Step 3: Implement Proper Synchronization Mechanisms
The final step is to implement proper synchronization mechanisms between the cores to ensure that shared resources, such as the L2 cache and interrupt controllers, are accessed correctly. This involves using semaphores, barriers, or other synchronization mechanisms to prevent race conditions or inconsistent states that might affect interrupt handling.
To diagnose synchronization issues, use debugging tools to monitor the synchronization state between the cores during the boot sequence and runtime. Check for any race conditions or inconsistent states that might cause the second core to miss PL interrupts.
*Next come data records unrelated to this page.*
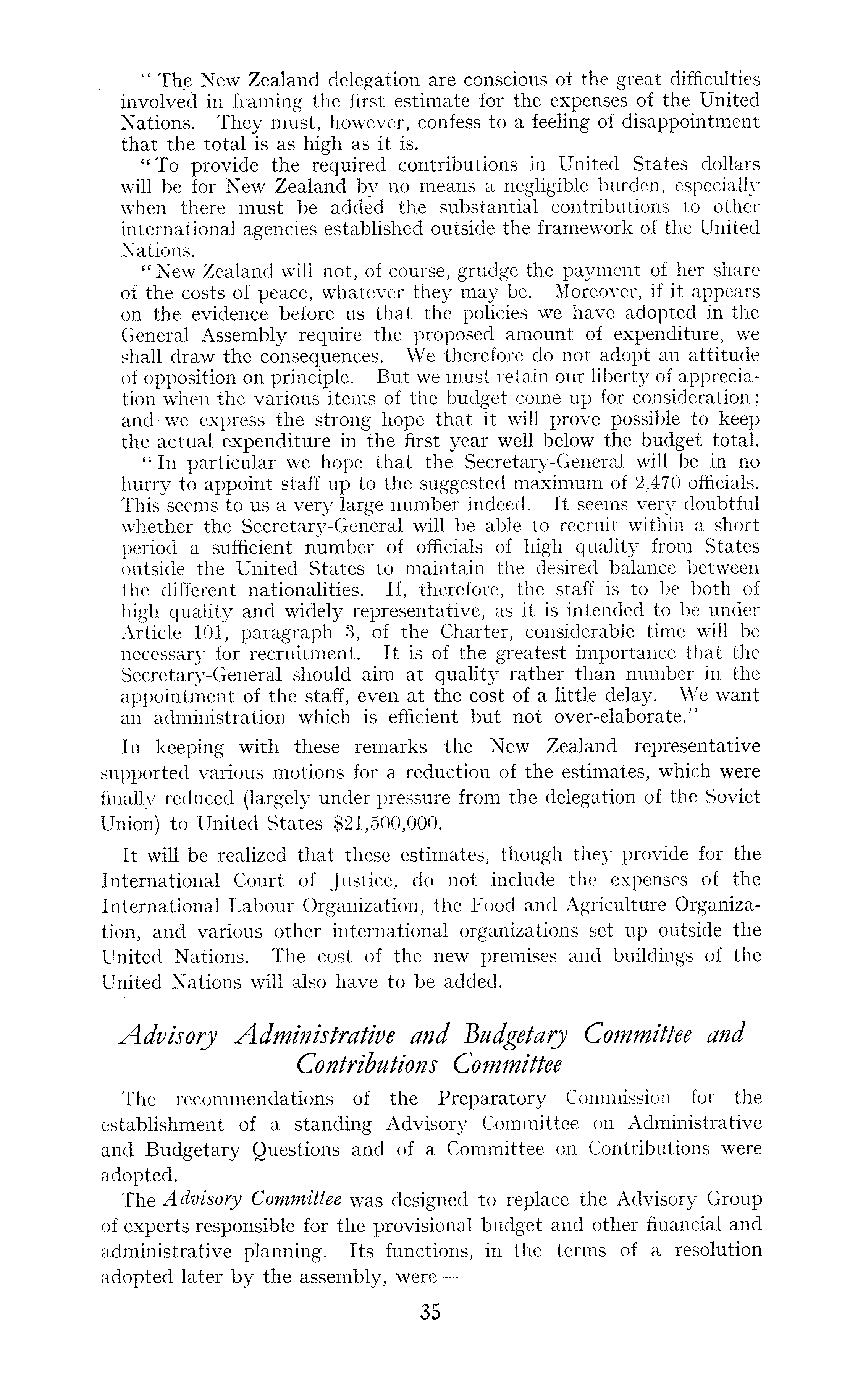 " The New Zealand delegation are conscious of the great difficulties involved in framing the first estimate for the expenses of the United Nations. They must, however, confess to a feeling of disappointment that the total is as high as it is. "To provide the required contributions in United States dollars will be for New Zealand by no means a negligible burden, especially when there must be added the substantial contributions to other international agencies established outside the framework of the United Nations. "New Zealand will not, of course, grudge the payment of her share of the costs of peace, whatever they may be. Moreover, if it appears on the evidence before us that the policies we have adopted in the General Assembly require the proposed amount of expenditure, we shall draw the consequences. We therefore do not adopt an attitude of opposition on principle. But we must retain our liberty of appreciation when the various items of the budget come up for consideration; and we express the strong hope that it will prove possible to keep the actual expenditure in the first year well below the budget total. " In particular we hope that the Secretary-General will be in no hurry to appoint staff up to the suggested maximum of 2,470 officials. This seems to us a very large number indeed. It seems very doubtful whether the Secretary-General will be able to recruit within a short period a sufficient number of officials of high quality from States outside the United States to maintain the desired balance between the different nationalities. If, therefore, the staff is to be both of high quality and widely representative, as it is intended to be under Article 101, paragraph 3, of the Charter, considerable time will be necessary for recruitment. It is of the greatest importance that the Secretary-General should aim at quality rather than number in the appointment of the staff, even at the cost of a little delay. We want an administration which is efficient but not over-elaborate." In keeping with these remarks the New Zealand representative supported various motions for a reduction of the estimates, which were finally reduced (largely under pressure from the delegation of the Soviet Union) to United States $21,500,000. It will be realized that these estimates, though they provide for the International Court of Justice, do not include the expenses of the International Labour Organization, the Food and Agriculture Organization, and various other international organizations set up outside the United Nations. The cost of the new premises and buildings of the United Nations will also have to be added. Advisory Administrative and budgetary Committee and Contributions Committee The recommendations of the Preparatory Commission for the establishment of a standing Advisory Committee on Administrative and Budgetary Questions and of a Committee on Contributions were adopted. The Advisory Committee was designed to replace the Advisory Group of experts responsible for the provisional budget and other financial and administrative planning. Its functions, in the terms of a resolution adopted later by the assembly, were —
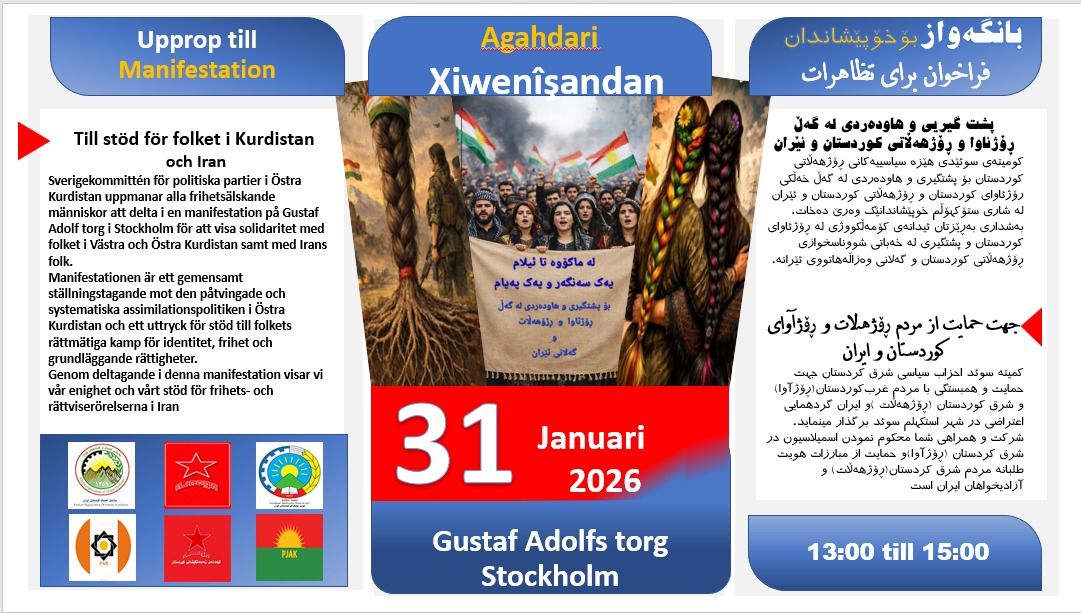 کۆمیتەی سوئێدی هێزە سیاسییەکانی ڕۆژهەڵاتی کوردستان بۆ پشتگیری و هاودەردی لەگەڵ خەڵکی ڕۆژئاوای کوردستان و ڕۆژهەڵاتی کوردستان و ئێران لە شاری ستۆکهۆڵم خۆپێشاندانێک وەڕێ دەخات.
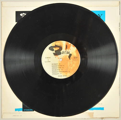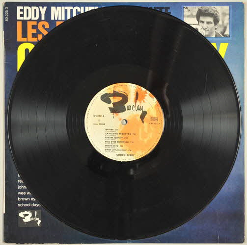 disque en vinyle de couleur noire / pochette en carton / au recto de la pochette, photographie de Chuck Berry, jouant de la guitare, de profil et accroupi, portant un costume beige - fond bleu - en haut à droite, photographie en noir et blanc du visage d'Eddy Mitchell - titre de l'album en grasses lettres capitales de différentes couleur - texte d'Eddy Mitchell au dos de la pochette / disque de couleur noire - motif dans les tons de jaune et orange et signature spécifique de la maison BarclayInscriptions
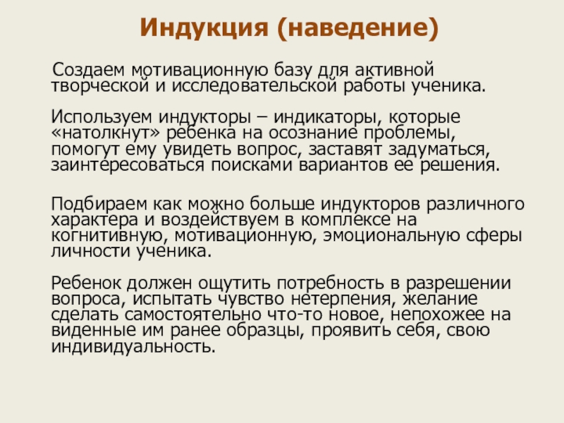 Подбираем как можно больше индукторов различного характера и воздействуем в комплексе на когнитивную, мотивационную, эмоциональную сферы личности ученика.
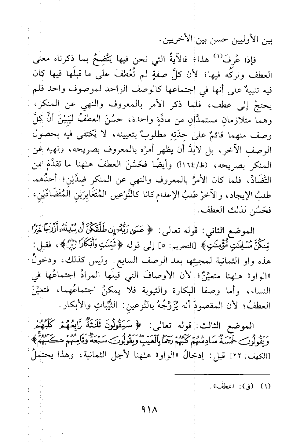 فإذا عرف هذا فالآية التي نحن فيها يتضح بما ذكرناه معنى العطف وتركه فيها لأن كل صفة لم تعطف على ما قبلها فيها كان فيه تنبيه على أنها في اجتماعها كالوصف الواحد لموصوف واحد فلم يحتج إلى عطف فلما ذكر الأمر بالمعروف والنهى عن المنكر وهما متلازمان مستمدان من مادة واحدة حسن العطف ليتبين أن كل وصف منهما قائم على حدته مطلوب تعيينه لا يكتفي فيه بحصول الوصف الآخر بل لا بد أن يظهر أمره بالمعروف بصريحة ونهيه عن المنكر بصريحة وأيصا فحسن العطف ههنا ما تقدم من التضاد فلما كان الأمر بالمعروف والنهي عن المنكر ضدين أحدهما طلب الإيجاد والآخر طلب الإعدام كانا كالنوعين المتغايرين المتضادين فحسن لذلك العطف
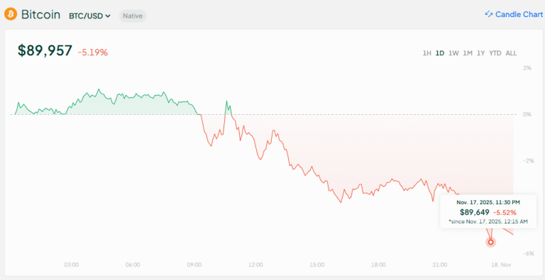 انخفضت البيتكوين إلى 89,649 دولار، وهي أدنى نقطة لها في سبعة أشهر، محولة أدائها السنوي إلى سلبي. -
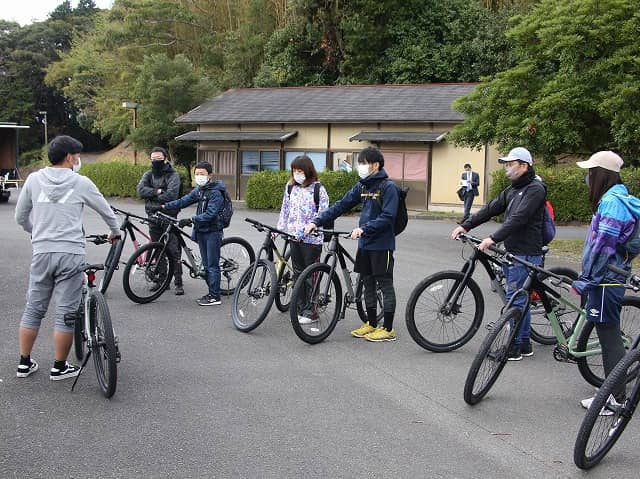 記念撮影を経て、グループごとに分かれ、自転車の操作法の確認や、空気圧、ブレーキの安全点検を経て出発。
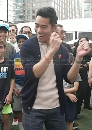 on Today on NBC was spotted wearing this navy heart patch cardigan on Today on Nov 05 2025's episode. 's Sweater is the Heart Logo-Appliqué Wool Cardigan by Comme Des Garçons Play.
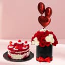 Fantastic Mixed Roses n Three Heart Shape Balloon in Black Box with Red Velvet Cake
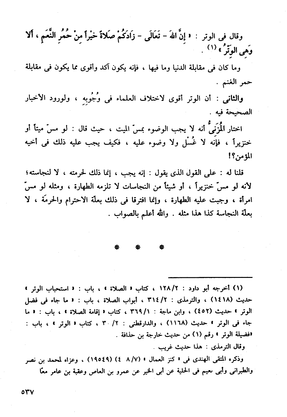 وقال في الوتر: إن الله تعالى زادكم صلاة خيرًا من حمر النعم، ألا وهي الوتر.
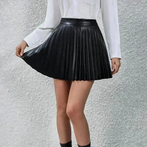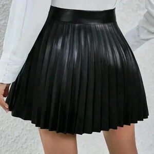 Black Casual Women's High Waisted Pleated Faux Leather Mini Skirt

If necessary, modify the synchronization mechanisms to ensure that both cores operate harmoniously and that shared resources are accessed correctly.
Potential Solutions and Fixes
Based on the troubleshooting steps outlined above, the following potential solutions and fixes can be implemented to resolve the issue of the second core receiving only one PL interrupt in the Zynq 7020 Cortex-A9 AMP setup:
-
Correct L2 Cache Configuration: Ensure that the L2 cache is configured and managed correctly for the AMP setup, with the appropriate attributes and synchronization mechanisms. Modify the L2 cache-related instructions in the boot.S file to ensure proper initialization and synchronization between the cores.
-
Proper Interrupt Routing: Validate the interrupt routing in the GIC to ensure that PL interrupts are correctly assigned to the second core. Modify the GIC configuration to ensure that PL interrupts are routed to the second core and that the GIC is properly synchronized between the cores.
-
Synchronization Mechanisms: Implement proper synchronization mechanisms between the cores to ensure that shared resources are accessed correctly. Use semaphores, barriers, or other synchronization mechanisms to prevent race conditions or inconsistent states that might affect interrupt handling.
By following these troubleshooting steps and implementing the potential solutions and fixes, the issue of the second core receiving only one PL interrupt in the Zynq 7020 Cortex-A9 AMP setup can be effectively diagnosed and resolved.